Paul Jay: The current economics of television journalism does two or three things. Number one, the bottom line pressures in the newsrooms mean fewer journalists, less time for investigative reporting, fewer foreign bureaus, and more pressure for sensational items that will give a quick spike to the ratings that are so commercial. And the fact is that television news is, by and large, actually just one small piece of a very big corporate conglomerate. GE makes light bulbs, weapons, nuclear power plants -- and owns NBC. So the conglomerates want their television operations to make money.

Number two, they don't want the television operation to compromise other interests of the corporation. I don't think it's as clear as some internal censor vetting committee, looking at each item to make sure it serves the corporate agenda. But, someone has to decide -- we're hiring this person and not that person, for example. People get to know the corporate culture, and they know how to hire within the limits of the corporate culture. People know that if reporting crosses a certain line, it is not considered acceptable journalism. Something that's happened recently, in both print and television newsrooms, is that the limits within which a story can be investigated or reported depends on how the two political parties are defining the issues. Also, to some extent, when a major newspaper like The New York Times breaks a story, it becomes discussable. But even then, most television news won't pick up on it.
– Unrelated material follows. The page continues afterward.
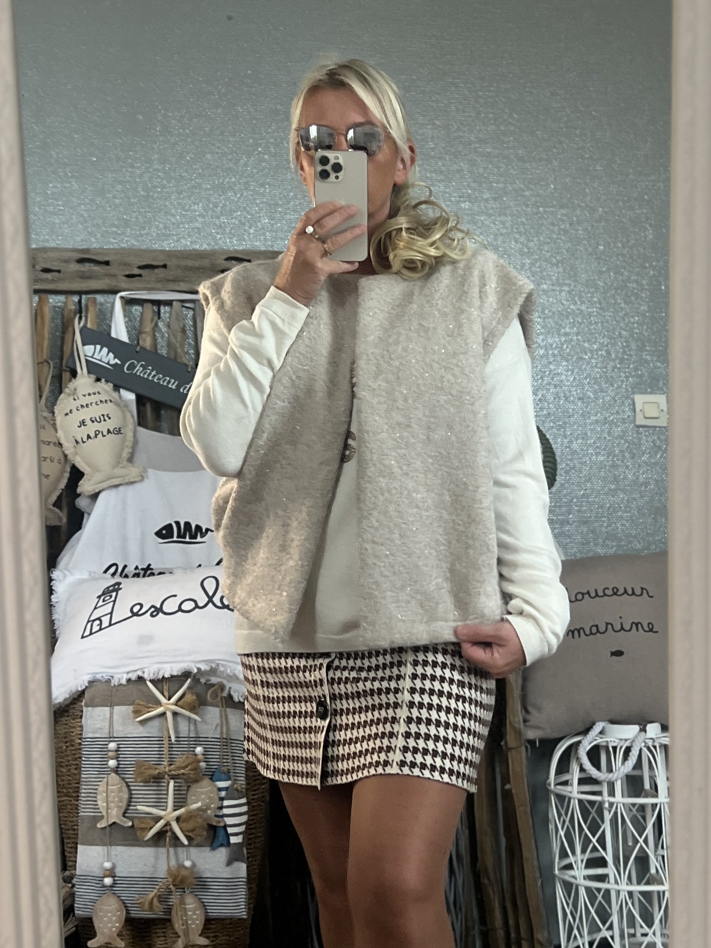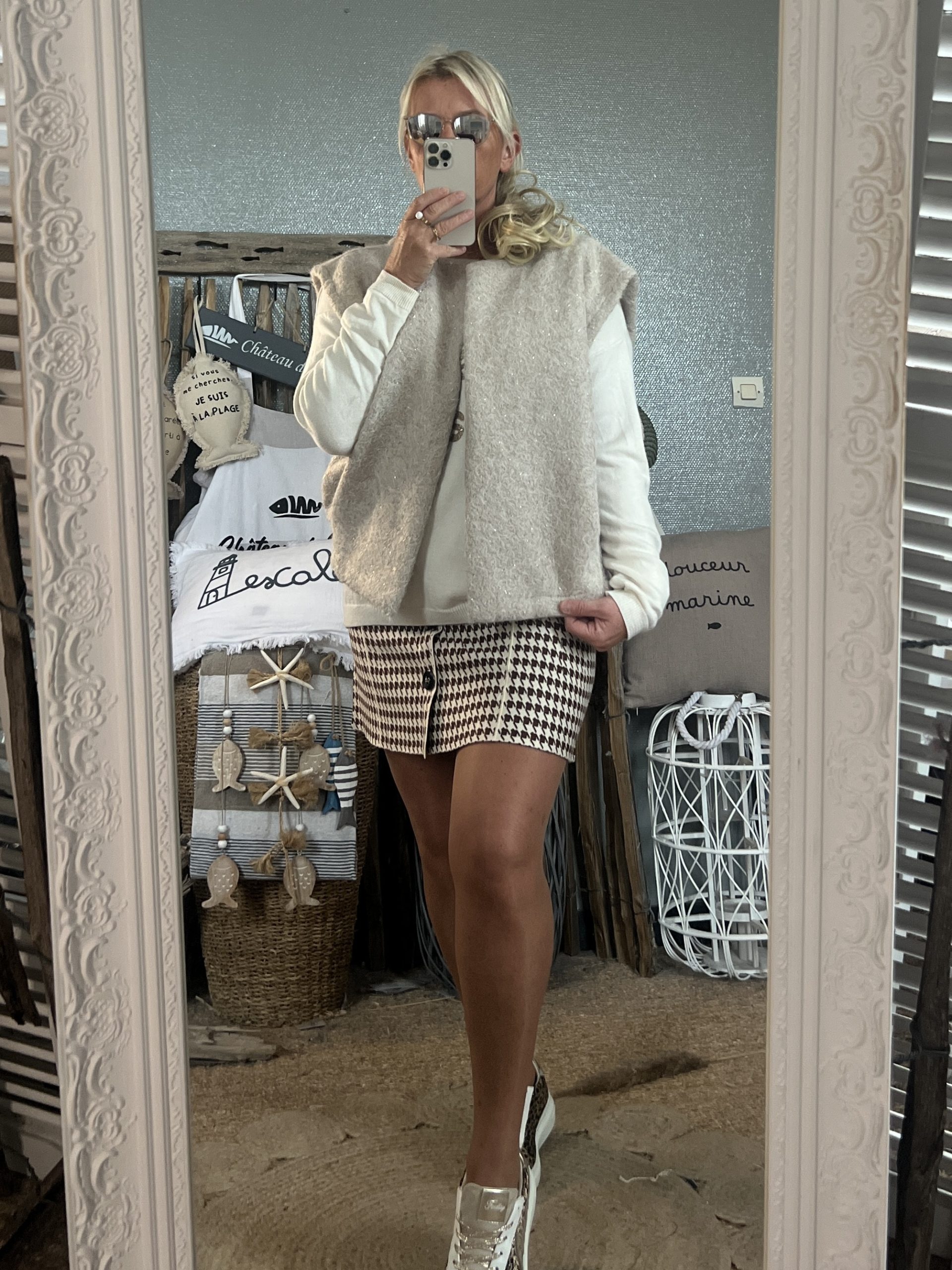 Veste sans manches pailleté beige
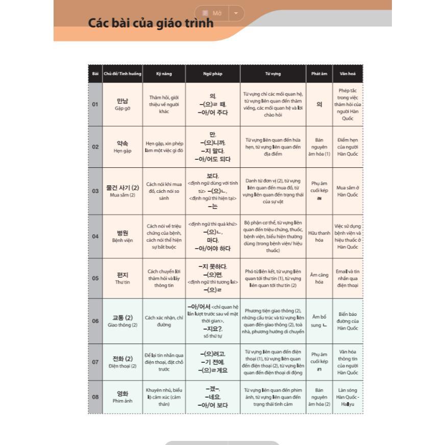 Sách bài tập sơ cấp 2 – bổ trợ cho Giáo trình tiếng Hàn tổng hợp được chia thành 3 phần chính sau đây:

Source: "BuzzFlash interview: Paul Jay" - BuzzFlash.com - 07.06.05



The CPB Chairman, Kenneth Tomlinson, turned the administration’s discomfort at embarrassing disclosures [on NOW with Bill Moyers and other PBS programs] into a crusade to discredit our journalism. Tomlinson left the chairmanship this week, but the right-wing coup at public broadcasting is complete. He remains on the board under a new chair who is a former real estate director and Republican fundraiser. She recently told a Senate hearing that the CPB should have the authority to penalize public broadcasting journalists if they step out of line. Sitting beside her and Tomlinson on the board is another Bush appointee—also a partisan Republican activist— who was a charter member and chair of Newt Gingrich’s notorious political action committee, GOPAC. Reporting to them is the White House’s handpicked candidate to be president and chief executive officer of the CPB—a former co-chair of the Republican National Committee whose husband became PR director of the Chemical Manufacturers Association after he had helped the pesticide industry smear Rachel Carson for her classic work on the environment, Silent Spring. Mark my words: If this gang has anything to say about it, there will be no challenging journalism to come from public television while they are around; no investigative reporting on the environment; no reporting at all on conflicts of interest between government and big business; no naming of names.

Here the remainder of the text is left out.